Now, let's try what kind of song will be selected by inputting the expected conversational sentence. The final BGM selected was 300 songs that were not used for learning and evaluation, and did not include the words "rock", "pop", and "ballad" in the one-line explanation. The whole picture is as shown in the figure. image.png For the songs to be finally selected, we decided to play the songs with the highest prediction probability in order from the file "output_result.csv" output by NNC (NNC can set different data for the evaluation at the time of learning and the final evaluation. ). Let's select songs in various cases.

** Case 1) ** ** ◆ Conversation: ** Good morning. It's nice weather today. Yeah. It looks like it's sunny all day. ** ◆ One line with high similarity Description: ** Busy and fun pop / rock (audiostock_45838.wav) → Label "Rock"

Whether it's a morning song or not, I was able to choose a song that seems to be energetic, such as "powerful" and "lively"! There seems to be a tendency for metal-style songs that use electric guitars to be selected.
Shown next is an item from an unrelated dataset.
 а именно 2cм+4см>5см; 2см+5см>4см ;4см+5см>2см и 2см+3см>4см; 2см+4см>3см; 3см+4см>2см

*** Case 2) *** ** ◆ Conversation: ** We plan to camp in Yamanashi on weekends. You can spend a quiet time by the lake for the first time in a while. It's getting cooler, so be careful. ** ◆ One line with high similarity Description: ** Pop (audiostock_45997.wav) that suddenly misses the love of parents on a distant day → Label "Pop" ** ◆ Song selection result: ** ・ Audiostock_45254 Pure Japanese music with a ghostly story that freezes your spine ・ Audiostock_44771 BGM of horror document touch ・ Audiostock_46760 Travel information Nostalgic melancholy lonely twilight ・ Audiostock_46657 Refreshing desired drive Light forward ・ Audiostock_44331 Heartwarming music from the tropical Caribbean

The 1st and 2nd songs are obviously bad selection results (ghost story ...), but the 4th and 5th songs are pop BGMs that are perfect for traveling. Also, the explanation of the third song has a sad atmosphere, but it was a BGM with "pop" in the tag, and when I actually listened to it, it was not that dark. From this, it can be said that there is a tendency to automatically select pop songs.
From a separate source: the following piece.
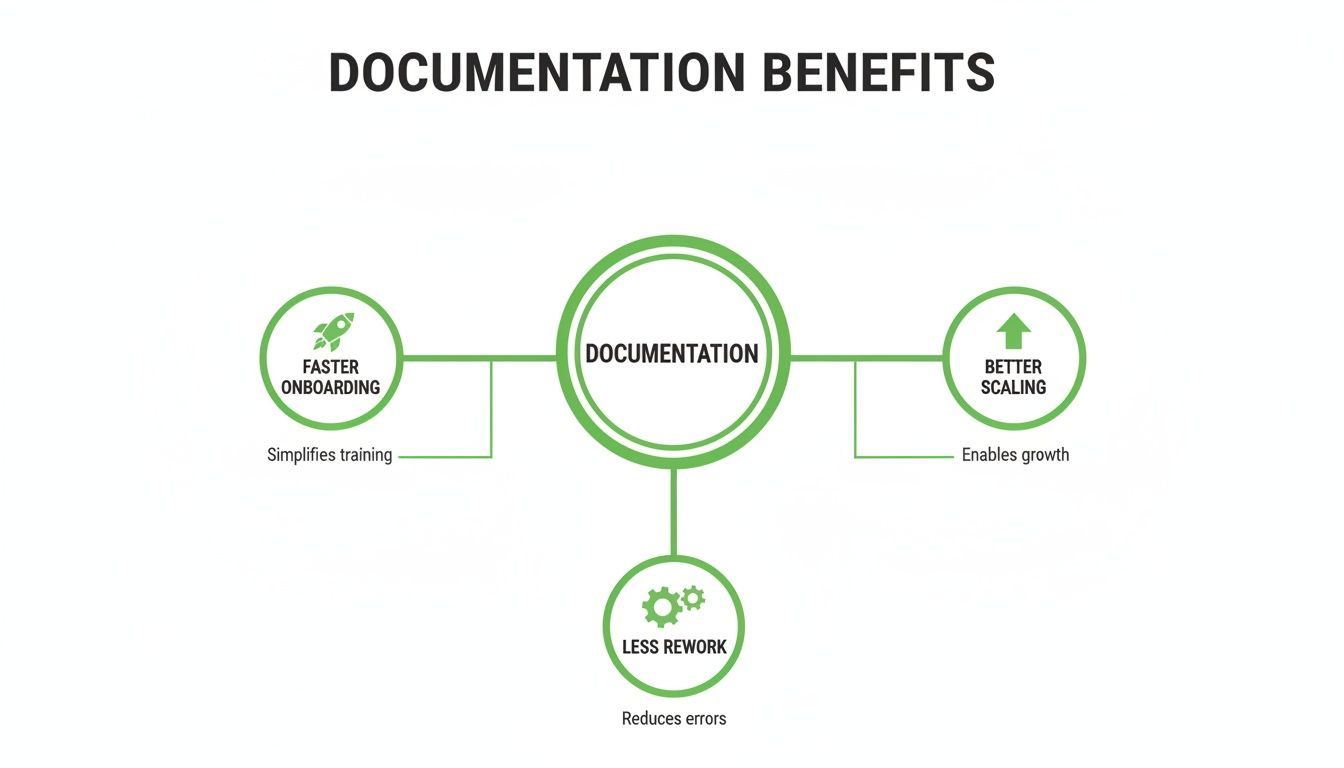 This visual makes it clear: systematic documentation is a direct line to operational efficiency. It helps teams scale, get new members up to speed quickly, and avoid costly rework.

*** Case 3) *** ** ◆ Conversation: ** I heard that drama, moving thing, did you see it? .. A sad and sad story. The last cried. ** ◆ One line with high similarity Description: ** Warming ballads, teen feelings (audiostock_43810.wav) → Label "ballads" ** ◆ Song selection result: ** ・ Audiostock_46013 Fresh, mysterious and spacious environment ・ Audiostock_44891 Relaxation ambient of night stars ・ Audiostock_44575 A gentle ambi-style sound that expands the world of fairy tales ・ Audiostock_45599 A mysterious environment with a cool morning atmosphere ・ Audiostock_45452 A graceful classic with artistic elegance in the garden

I have been able to successfully extract quiet BGM such as mysterious and loose ballad songs and classical music.

All three categories were automatically selected based only on the BGM features, but it seems that we were able to extract songs that were almost as intended! Looking at the BGM that was not selected (the probability of prediction was low), "Variety program title BGM" (audiostock_43840), "Latin-flavored Euro-house style" (audiostock_42921), "Multinational African mysterious travelogue fashionable" (Audiostock_46146) etc., and it was confirmed that the model has a distinction of unsuitable BGM.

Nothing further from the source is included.